In an attention starved world why are marketers still failing to incentivise engagement?

Bryan Melmed

In an attention starved world why is our industry still failing to incentivise engagement?: If brands want more attention then the adtech ecosystem needs to incentivise engagement argues Bryan Melmed.

“The moment one gives close attention to any thing, even a blade of grass; it becomes a mysterious, awesome, indescribably magnificent world in itself.” Henry Miller

It would seem that Mr Miller has hit the nail on the head for the conundrum marketers face – how to get customers to focus on their brand?

Engagement, measured by sustained attention, is where the industry is shifting focus to, although it is increasingly hard to achieve and, when it comes, is hard earned. In short – engagement is both one of our industry’s most important goals and its greatest constraint.

Engagement is increasingly difficult for marketers because time seems in increasingly short supply and consumers face a vast (and sometimes bewildering) array of options to spend their time on.

Familiar past-times such as playing golf or even eating cereal are suffering – people simply no longer have the personal bandwidth to play 18 or even 9 holes or linger over food in the morning.

It is not surprising that our average attention span is shrinking and the cost of gaining our attention has gone up by 700 per cent in the last ten years. Combine these trends and the fact that consumers have more control over what ads to see than ever before and the challenge for our industry becomes obvious.

We can start by addressing the problem that our industry has not agreed to even incentivise engagement. Quite the contrary, advertisers still pay for serving ads that no-one notices.

One of the easiest examples to point to are the low-cost, low involvement impressions driven by ‘clickbait’. It is a perfect illustration of how focusing on the wrong incentives have led us down a path to the wrong outcomes.
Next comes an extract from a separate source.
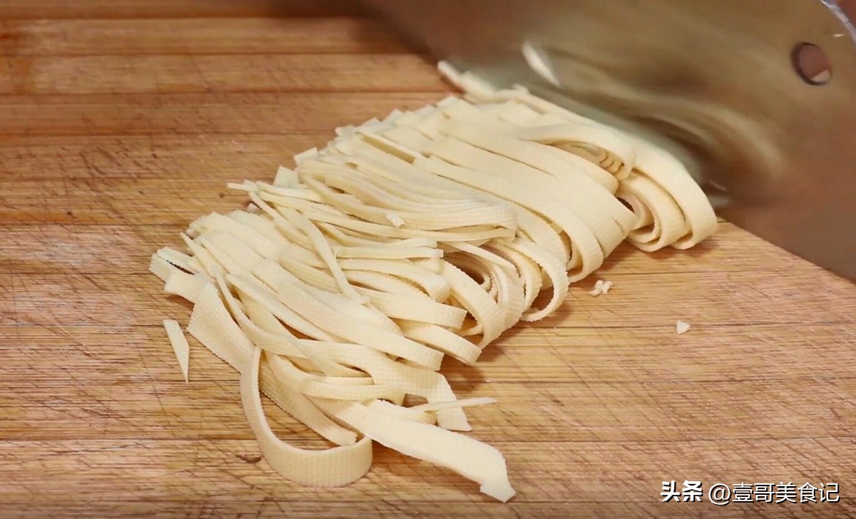 6.准备半张豆腐皮,先用清水将表面冲洗一遍,然后捞出来晾干水。接着,将豆腐皮从中间切开,再叠放在一起,用菜刀将它们切成细细豆腐条。将切好的豆腐条放在盘子里,待用。

So where do we go from here?

It’s a cliché, but ‘back to the fundamentals’ is precisely where we must go. We need to better understand what goes into the customer journey – the steps they take from uncertainty to consideration and then to intent.

We must better align ourselves to deliver – and reward – digital advertising appropriate for each stage of the journey. And in the process, we need to be aware that data can only take you so far.

That last point is hard to admit because I consider myself a “data guy” at Exponential. The problem is, we’ve been so captivated by the promise of ‘big data’ that we have often forgotten that it is just one component in an overwhelmingly complex process.

Even if we had perfect data, campaigns would still be inexact and unpredictable. The real question is, how can we best apply the data in trying to capture and retain a consumer’s active attention? For technology partners, it means we need to be incentivised to target well – and not just the right audience, but the right audience at the right time.

For agencies ‘basics’ means returning a focus on creativity. After all, engagement starts with an invitation to explore. Without creativity, attention will always remain elusive. And for publishers, a priority on engagement means creating better and more compelling content, which benefits everyone in the ecosystem.

Creativity, combined with partners that are incentivised to achieve engagement targets can indeed create Miller’s ‘awesome’ and ‘magnificent’ ROI for brands. But it won’t be ‘indescribable’! True engagement will deliver clear, tangible and measurable results to brands that refocus their digital marketing efforts.